Stéphan Beaucher  • 4 juillet 2013 abonné·es

Avec le téléphone et plus encore avec Internet, il devient facile et peu coûteux de réaliser un sondage. Tout cela s’accommode aussi allégrement que fréquemment des précautions statistiques d’usage (taille et représentativité de l’échantillon, marge d’erreur des réponses, etc.) et on nous sonde sur tout, c’est-à-dire sur n’importe quoi. C’est ainsi qu’un « institut » – car il en va des sondages comme de la beauté, tous deux ont leurs « instituts » – nous révèle que les chaussettes orphelines font partie des causes les plus fréquentes d’accrochage dans le couple. Au vu du nombre d’hommes qui savent à peine où se situe le lave-linge, et encore moins comment on le met en marche, on imagine aisément d’où part la querelle. Franchement ! On aurait pu imaginer que construire une vie à deux, sans même parler des enfants, est déjà un exercice suffisamment délicat au quotidien pour qu’on n’ait pas besoin d’aller se chercher des noises pour des histoires de chaussettes… Eh bien si ! C’est comme ça ; l’humain est ainsi fait.

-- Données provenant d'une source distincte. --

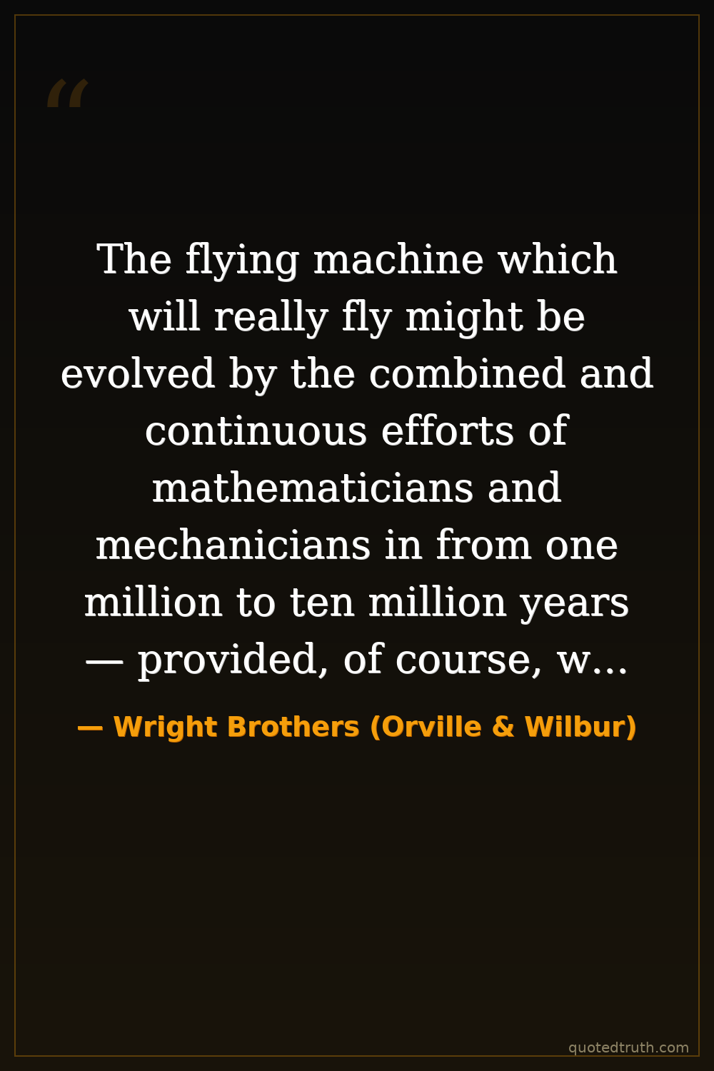 The flying machine which will really fly might be evolved by the combined and continuous efforts of mathematicians and mechanicians in from one million to ten million years — provided, of course, we can meanwhile eliminate such little drawbacks and embarrassments as the existing relation between weight and strength in inorganic materials. No doubt the problem has attractions for those it interests, but to the ordinary man it would seem as if effort might be employed more profitably.

Il se vend en France 400 millions de paires de chaussettes par an, soit six par habitant. Ces millions de paires ne viennent pas toutes, loin s’en faut, en remplacer des millions d’autres. Dans leur grande majorité, elles s’ajoutent à des dizaines déjà existantes. Et c’est bien là le drame ! Il en va des chaussettes comme de l’humanité : les deux moitiés n’ont pas la même espérance de vie. Entre celles qui s’égarent dans les méandres du circuit du linge sale, celles qu’on oublie au vestiaire du club de foot et celles qui se percent avant leur âme sœur, une partie non négligeable du stock (mais l’institut de sondage ne nous en donne pas la proportion) perd sa compagne. Afin de résoudre cette double tragédie – le veuvage des chaussettes et l’incident conjugal –, un geek suisse a eu une idée qu’il qualifie de géniale : il a inséré une puce dans ses chaussettes et a développé une « appli » (c’est comme cela qu’on dit) de détection de chaussette esseulée. Tel Christophe Colomb s’aventurant dans la jungle des Caraïbes, casque colonial sur la tête et sabre au clair, vous explorez votre logis, pièce par pièce, smartphone à la main. Le souffle court, guettant le bip qui provoquera immanquablement un ouf de soulagement.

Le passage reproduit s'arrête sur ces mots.